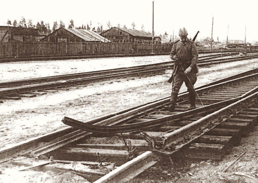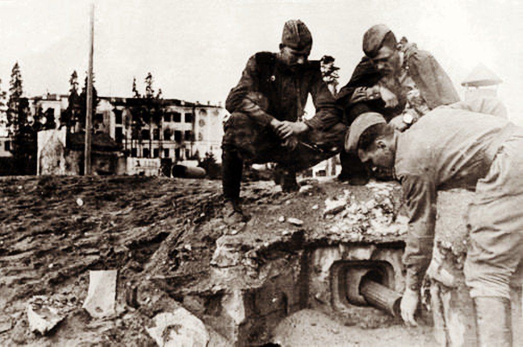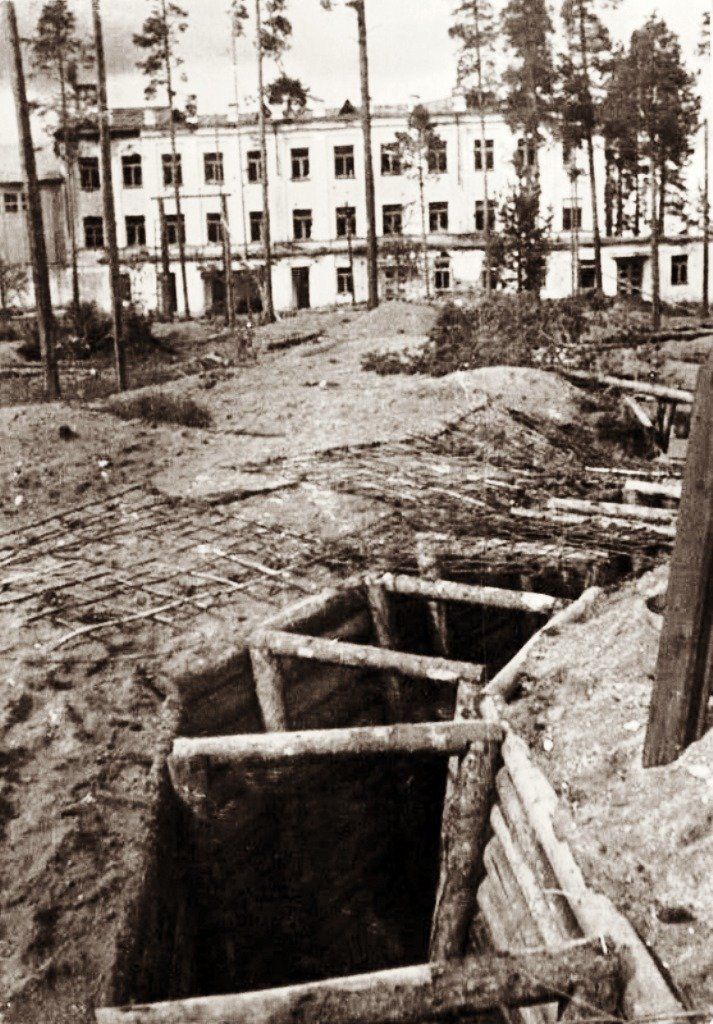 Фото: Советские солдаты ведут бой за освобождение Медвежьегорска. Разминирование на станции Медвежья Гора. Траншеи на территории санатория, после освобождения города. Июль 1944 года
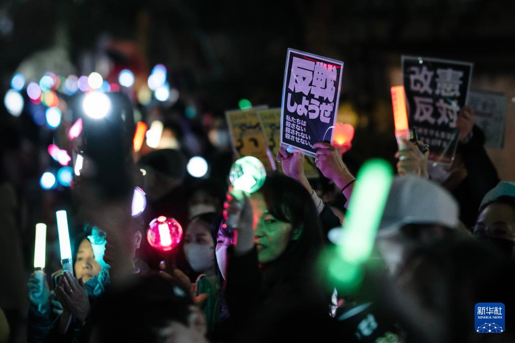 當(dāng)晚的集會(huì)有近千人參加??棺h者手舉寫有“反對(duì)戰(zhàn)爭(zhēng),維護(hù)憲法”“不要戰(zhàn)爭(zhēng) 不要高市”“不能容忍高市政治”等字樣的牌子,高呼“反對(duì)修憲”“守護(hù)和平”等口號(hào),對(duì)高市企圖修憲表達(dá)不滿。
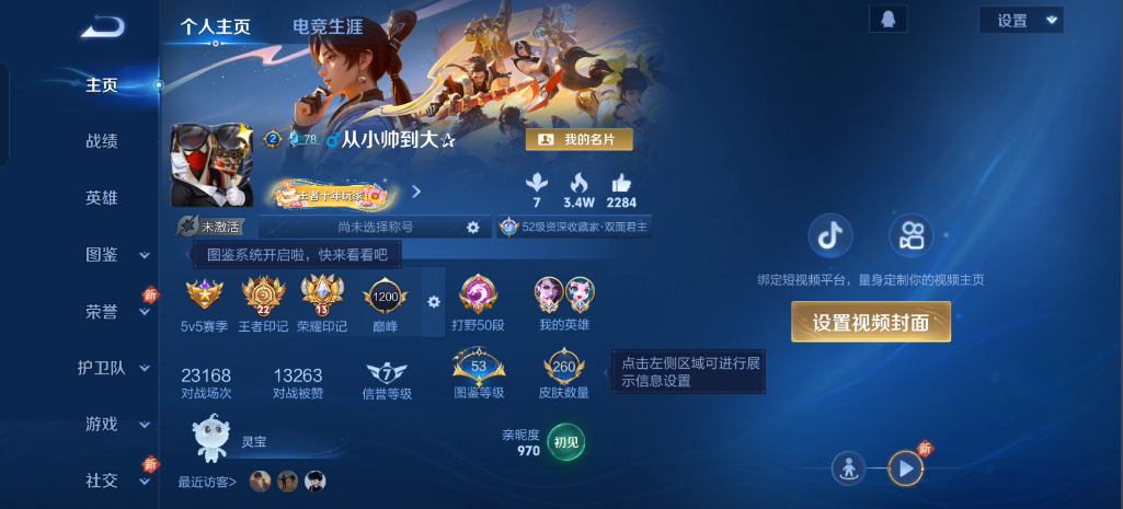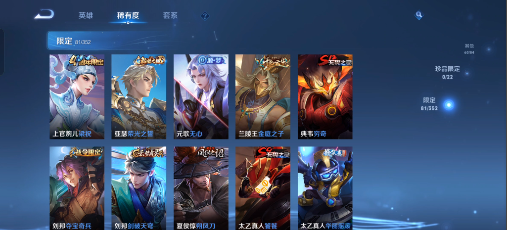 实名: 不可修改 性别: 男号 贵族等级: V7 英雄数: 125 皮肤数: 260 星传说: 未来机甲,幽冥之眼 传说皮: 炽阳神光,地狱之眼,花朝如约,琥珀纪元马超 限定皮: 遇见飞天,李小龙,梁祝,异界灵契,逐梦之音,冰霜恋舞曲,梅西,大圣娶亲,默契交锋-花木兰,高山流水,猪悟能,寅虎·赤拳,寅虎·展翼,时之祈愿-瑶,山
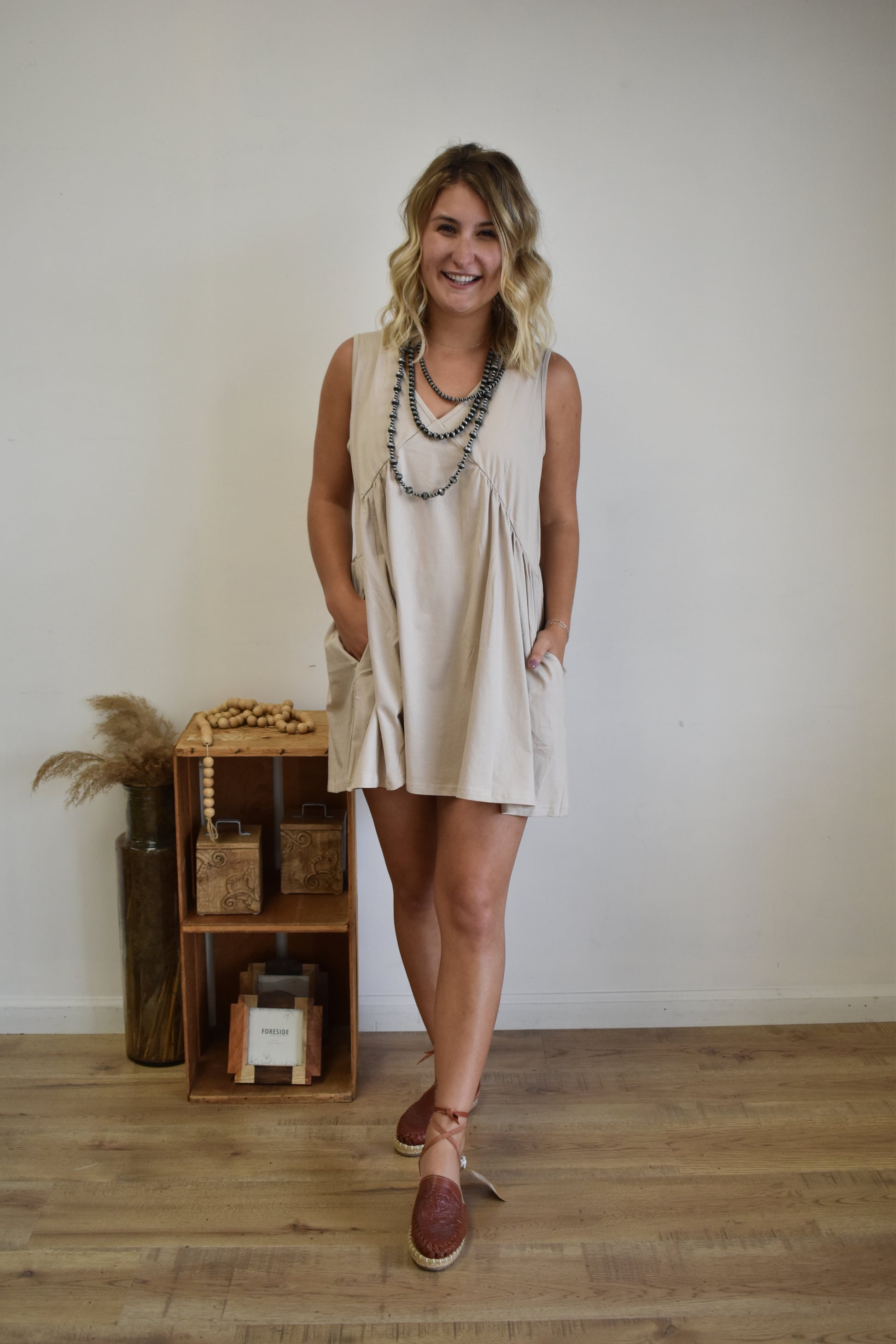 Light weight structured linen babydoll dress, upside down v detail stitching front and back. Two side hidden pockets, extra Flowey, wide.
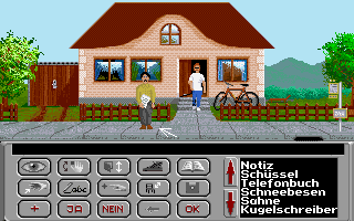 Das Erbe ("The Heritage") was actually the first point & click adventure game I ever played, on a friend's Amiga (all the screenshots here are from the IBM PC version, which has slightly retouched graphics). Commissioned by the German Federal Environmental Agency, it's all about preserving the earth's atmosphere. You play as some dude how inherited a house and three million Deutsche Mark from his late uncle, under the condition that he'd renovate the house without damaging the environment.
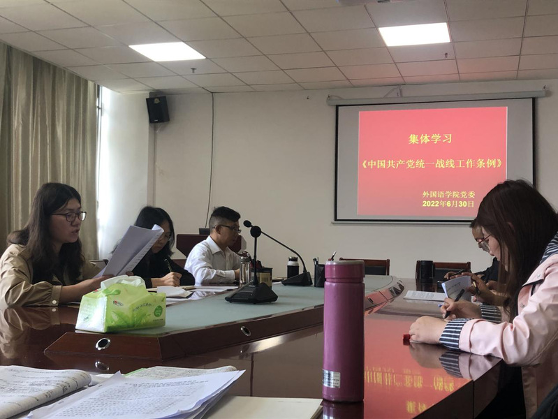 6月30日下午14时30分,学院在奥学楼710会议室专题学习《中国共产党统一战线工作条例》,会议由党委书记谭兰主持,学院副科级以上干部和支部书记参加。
——
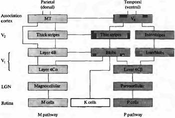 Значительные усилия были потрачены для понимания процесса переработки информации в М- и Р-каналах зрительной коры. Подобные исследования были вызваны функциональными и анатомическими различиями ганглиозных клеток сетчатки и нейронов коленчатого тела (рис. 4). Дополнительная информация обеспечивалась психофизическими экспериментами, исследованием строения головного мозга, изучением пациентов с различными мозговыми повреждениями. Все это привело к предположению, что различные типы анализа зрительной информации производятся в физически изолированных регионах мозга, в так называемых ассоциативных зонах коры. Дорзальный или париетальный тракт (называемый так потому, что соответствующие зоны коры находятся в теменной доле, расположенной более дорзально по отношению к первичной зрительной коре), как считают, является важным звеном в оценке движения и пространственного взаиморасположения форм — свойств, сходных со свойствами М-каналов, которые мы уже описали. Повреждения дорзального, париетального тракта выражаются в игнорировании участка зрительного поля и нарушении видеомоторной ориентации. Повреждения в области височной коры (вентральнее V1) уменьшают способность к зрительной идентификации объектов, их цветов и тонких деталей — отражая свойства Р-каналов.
——
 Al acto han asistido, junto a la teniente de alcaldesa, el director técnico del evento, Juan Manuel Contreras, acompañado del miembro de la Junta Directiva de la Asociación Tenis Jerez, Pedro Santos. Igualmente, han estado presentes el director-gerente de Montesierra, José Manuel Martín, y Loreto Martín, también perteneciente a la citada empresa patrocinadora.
——
• Aim of the exercise: Could you write out exactly the lines of the data above that run from the one holding "damaging the environment." to the one holding "6月30日下午14时30分,学院在奥学楼", with both ends in and all pictures out?

• Result for this exercise:
 Das Erbe ("The Heritage") was actually the first point & click adventure game I ever played, on a friend's Amiga (all the screenshots here are from the IBM PC version, which has slightly retouched graphics). Commissioned by the German Federal Environmental Agency, it's all about preserving the earth's atmosphere. You play as some dude how inherited a house and three million Deutsche Mark from his late uncle, under the condition that he'd renovate the house without damaging the environment.
 6月30日下午14时30分,学院在奥学楼710会议室专题学习《中国共产党统一战线工作条例》,会议由党委书记谭兰主持,学院副科级以上干部和支部书记参加。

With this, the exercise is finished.